Reputation: 213
I have written a code that implements Trie data structure where it takes in a list of strings and the string's count.
lst = [['james',9],['chloe',20],['chlara',30]]
The strings are the names, and the integer value followed by it is the count. Once the trie is constructed, it prompts a user to enter a prefix,
userinput = ch
With that, the code will return the string chlara since it has a higher count compared to chloe which also has the prefix ch. I've managed to construct the Trie but I'm having difficulties with the search function.
class Node:
def __init__(self):
self.children = [None] * 26
self.end = False
self.frequency = 0
self.goindex = 0
self.index = 0
class Trie:
def __init__(self):
self.root = Node()
def ord_char(self,key):
ord_rep = ord(key) - ord('a')
return ord_rep
def add_word(self,lst):
word = lst[0] #word
freq = lst[1] #frequency of string
word_len = len(word)
current = self.root #start from root node
for i in range(word_len):
position = self.ord_char(word[i])
if current.children[position] is None:
current.children[position] = Node()
current = current.children[position]
if current.frequency > freq:
continue
else:
current.frequency = freq
current.index = position
current.end = True #end of string
def main():
trie = Trie()
for i in list2:
trie.add_word(i)
user = input("Enter a prefix: ")
print(trie.prefix_search(user))
if __name__ == "__main__":
main()
I'm being returned the incomplete string 'chla' and I'm pretty sure it's due to my search function being inefficient and not working properly.
updated
Issue I'm facing now is, if my prefix is 'aberr' I'm being returned 'aberration' instead of 'aberr'
Upvotes: 0
Views: 176
Reputation: 1121834
You are never traversing your trie properly. You have two nested for
loops, and so only traverse two more nodes (characters) from your prefix.
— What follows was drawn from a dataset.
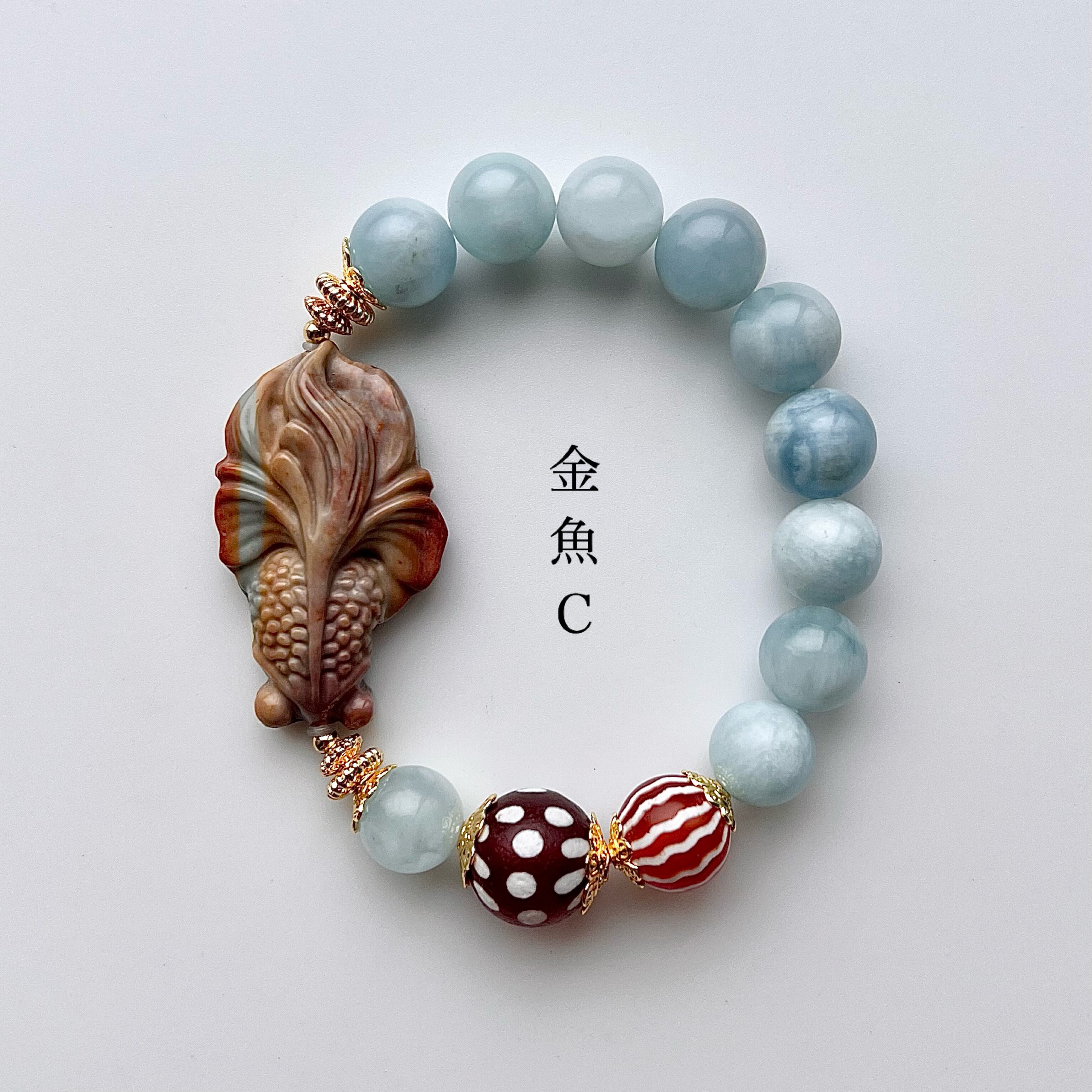 アラシャン瑪瑙の金魚とアクアマリンのデザインブレスレットです

I'm going to assume you want to return one result, even if there are multiple strings with matching suffix and matching count.
Use a while
loop, and keep following the highest count
value until you get to a node with no more children with a value that's equal to the count of the current node. Do verify that you end
is True for that node, as that would indicate a bug in your word-adding code:
def prefix_search(self, prefix):
# traverse the prefix
current = self.root
for c in prefix:
current = current.children[self.ord_char(c)]
if current is None:
return None # None is a much better return value than -1
while current is not None:
for child in current.children:
if child is None:
continue
if child.count == current.count:
# found first child with same score, continue from here
prefix += chr(child.index + 97)
current = child
break
else:
# no children with equal score, this is the longest match
assert current.end, "Data structure inconsistent"
return prefix
Demo:
>>> trie.prefix_search('ch')
'chlara'
>>> trie.prefix_search('j')
'james'
and some of those edge-cases:
>>> trie.add_word(('chlarissa', 9)) # longer word, lower count!
>>> trie.prefix_search('ch')
'chlara'
>>> trie.add_word(('janet', 6)) # same length and score as james, won't be found
>>> trie.prefix_search('j')
'james'
and if there was an error in the data structure; this deliberately sets a wrong count:
>>> trie.root.children[9].children[0].count = 7 # 'ja', 7, so higher, but not an end node
>>> trie.prefix_search('j')
Traceback (most recent call last):
File "<stdin>", line 1, in <module>
File "<string>", line 59, in prefix_search
AssertionError: Data structure inconsistent
Upvotes: 1